Lib/difflib.py (part 2)

Source:

cpython 3.14 @ ab2d84fe1023/Lib/difflib.py

This annotation covers output formatters and helper utilities. See lib_difflib_detail for SequenceMatcher, Differ, and ndiff.

Map

LinesSymbolRole
1-100unified_diffProduce unified format diff (--- a, +++ b, @@ ... @@)
101-250context_diffProduce context format diff (*** a, --- b, ***...)
251-500HtmlDiffGenerate side-by-side HTML table of differences
501-650restoreReconstruct original sequences from a Differ delta
651-800get_close_matchesReturn best fuzzy matches from a list of possibilities
801-1100diff_bytesByte-string wrapper for text-oriented diff functions

Reading

unified_diff

# CPython: Lib/difflib.py:1142 unified_diff
def unified_diff(a, b, fromfile='', tofile='', fromfiledate='',
tofiledate='', n=3, lineterm='\n'):
"""Compare a and b (lists of strings); generate unified format diff lines.

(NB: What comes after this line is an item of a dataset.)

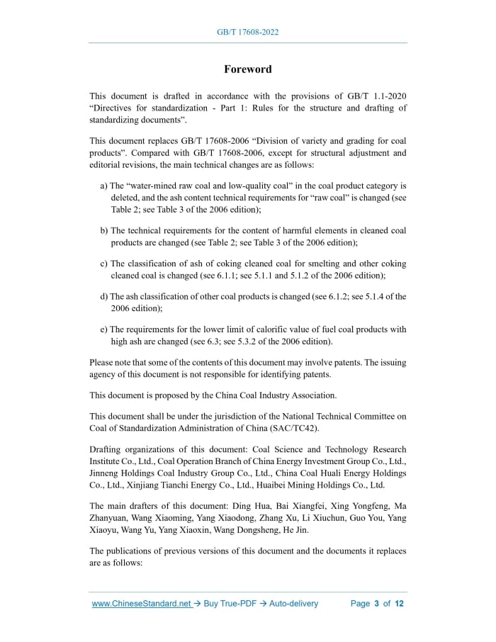 Similar standardsGB/T 17608-2022: Division of variety and grading for coal products---This is an excerpt. Full copy of true-PDF in English version (including equations, symbols, images, flow-chart, tables, and figures etc.), auto-downloaded/delivered in 9 seconds, can be purchased online: https://www.ChineseStandard.net/PDF.aspx/GBT17608-2022GB NATIONAL STANDARD OF THE PEOPLE’S REPUBLIC OF CHINA ICS 73.040 CCS D 20 Replace GB/T 17608-2006 Division of variety and grading for coal products ISSUED ON: OCTOBER 12, 2022 IMPLEMENTED ON: OCTOBER 12, 2022 Issued by: State Administration for Market Regulation; Standardization Administration of PRC. Table of ContentsForeword ... 3 1 Scope ... 5 2 Normative references ... 5 3 Terms and definitions ... 6 4 Granularity division ... 6 5 Classification of varieties ... 6 6 Division of product quality indicators ... 9 7 Test methods ... 11ForewordThis document is drafted in accordance with the provisions of GB/T 1.1-2020 “Directives for standardization - Part 1: Rules for the structure and drafting of standardizing documents”. This document replaces GB/T 17608-2006 “Division of variety and grading for coal products”. Compared with GB/T 17608-2006, except for structural adjustment and editorial revisions, the main technical changes are as follows: a) The “water-mined raw coal and low-quality coal” in the coal product category is deleted, and the ash content technical requirements for “raw coal” is changed (see Table 2; see Table 3 of the 2006 edition); b) The technical requirements for the content of harmful elements in cleaned coal products are changed (see Table 2; see Table 3 of the 2006 edition); c) The classification of ash of coking cleaned coal for smelting and other coking cleaned coal is changed (see 6.1.1; see 5.1.1 and 5.1.2 of the 2006 edition); d) The ash classification of other coal products is changed (see 6.1.2; see 5.1.4 of the 2006 edition); e) The requirements for the lower limit of calorific value of fuel coal products with high ash are changed (see 6.3; see 5.3.2 of the 2006 edition). Please note that some of the contents of this document may involve patents. The issuing agency of this document is not responsible for identifying patents. This document is proposed by the China Coal Industry Association. This document shall be under the jurisdiction of the National Technical Committee on Coal of Standardization Administration of China (SAC/TC42). Drafting organizations of this document: Coal Science and Technology Research Institute Co., Ltd., Coal Operation Branch of China Energy Investment Group Co., Ltd., Jinneng Holdings Coal Industry Group Co., Ltd., China Coal Huali Energy Holdings Co., Ltd., Xinjiang Tianchi Energy Co., Ltd., Huaibei Mining Holdings Co., Ltd. The main drafters of this document: Ding Hua, Bai Xiangfei, Xing Yongfeng, Ma Zhanyuan, Wang Xiaoming, Yang Xiaodong, Zhang Xu, Li Xiuchun, Guo You, Yang Xiaoyu, Wang Yu, Yang Xiaoxin, Wang Dongsheng, He Jin. The publications of previous versions of this document and the documents it replaces are as follows: Division of variety and grading for coal products1 ScopeThis document specifies the division of coal product varieties and coal quality index grades. This document applies to products of anthracite, bituminous coal, and lignite.2 Normative referencesThe following documents contain the provisions which, through normative reference in this document, constitute the essential provisions of this document. For the dated referenced documents, only the versions with the indicated dates are applicable to this document; for the undated referenced documents, only the latest version (including all the amendments) is applicable to this document. GB/T 212 Proximate analysis of coal GB/T 213 Determination of calorific value of coal GB/T 214 Determination of total sulfur in coal GB/T 216 Determination of phosphorus in coal GB/T 477 Method for size analysis of coal GB/T 3058 Determination of arsenic in coal GB/T 3558 Determination of chlorine in coal GB/T 3715 Terms relating to properties and analysis of coal GB/T 4633 Determination of fluorine in coal GB/T 16659 Determination of mercury in coal GB/T 25214 Determination of total sulfur in coal by IR spectrometry GB/T 30732 Proximate analysis of coal by instrumental method MT/T 1 Determination of refuse-content and undersize fraction of commercial coal SN/T 3521 Simultaneous determination of arsenic and mercury content in coal- ......Source: Above contents are excerpted from the full-copy PDF -- translated/reviewed by: www.ChineseStandard.net / Wayne Zheng et al. Tips & Frequently Asked Questions:Question 1: How long will the true-PDF of English version of GB/T 17608-2022 be delivered?Answer: The full copy PDF of English version of GB/T 17608-2022 can be downloaded in 9 seconds, and it will also be emailed to you in 9 seconds (double mechanisms to ensure the delivery reliably), with PDF-invoice.Question 2: Can I share the purchased PDF of GB/T 17608-2022_English with my colleagues?Answer: Yes. The purchased PDF of GB/T 17608-2022_English will be deemed to be sold to your employer/organization who actually paid for it, including your colleagues and your employer's intranet.Question 3: Does the price include tax/VAT?Answer: Yes. Our tax invoice, downloaded/delivered in 9 seconds, includes all tax/VAT and complies with 100+ countries' tax regulations (tax exempted in 100+ countries) -- See Avoidance of Double Taxation Agreements (DTAs): List of DTAs signed between Singapore and 100+ countriesQuestion 4: Do you accept my currency other than USD?Answer: Yes. www.ChineseStandard.us -- GB/T 17608-2022 -- Click this link and select your country/currency to pay, the exact amount in your currency will be printed on the invoice. Full PDF will also be downloaded/emailed in 9 seconds.Question 5: Should I purchase the latest version GB/T 17608-2022?Answer: Yes. Unless special scenarios such as technical constraints or academic study,

Yields header lines and then groups of hunks. Each hunk begins with
a @@ line and is followed by context/added/removed lines.
"""
started = False
for group in SequenceMatcher(None, a, b).get_grouped_opcodes(n):
if not started:
yield '--- {}{}{}'.format(fromfile, fromfiledate, lineterm)
yield '+++ {}{}{}'.format(tofile, tofiledate, lineterm)
started = True
i1, i2, j1, j2 = group[0][1], group[-1][2], group[0][3], group[-1][4]
yield '@@ -{},{} +{},{} @@{}'.format(i1+1, i2-i1, j1+1, j2-j1, lineterm)
for tag, i1, i2, j1, j2 in group:
if tag == 'equal':
for line in a[i1:i2]: yield ' ' + line
if tag in {'replace', 'delete'}:
for line in a[i1:i2]: yield '-' + line
if tag in {'replace', 'insert'}:
for line in b[j1:j2]: yield '+' + line

unified_diff is a generator. get_grouped_opcodes(n) clusters nearby changes into hunks separated by n lines of context (default 3).

get_close_matches

# CPython: Lib/difflib.py:748 get_close_matches
def get_close_matches(word, possibilities, n=3, cutoff=0.6):
"""Return a list of the best 'good enough' matches of word in possibilities.

word -- a string
possibilities -- a list of strings
n -- maximum number of results (default 3)
cutoff -- SequenceMatcher.ratio() must exceed this (default 0.6)
"""
if not n > 0:
raise ValueError("n must be > 0: %r" % (n,))
if not 0.0 <= cutoff <= 1.0:
raise ValueError("cutoff must be in [0.0, 1.0]: %r" % (cutoff,))
result = []
s = SequenceMatcher()
s.set_seq2(word)
for x in possibilities:
s.set_seq1(x)
if s.real_quick_ratio() >= cutoff and \
s.quick_ratio() >= cutoff and \
s.ratio() >= cutoff:
result.append((s.ratio(), x))
result = _nlargest(n, result)
return [x for score, x in result]

Used by Python's did you mean? suggestions in AttributeError and NameError. real_quick_ratio and quick_ratio are cheap upper bounds that prune most candidates before computing the full ratio.

restore

# CPython: Lib/difflib.py:800 restore
def restore(delta, which):
"""Return one of the two sequences that generated a delta.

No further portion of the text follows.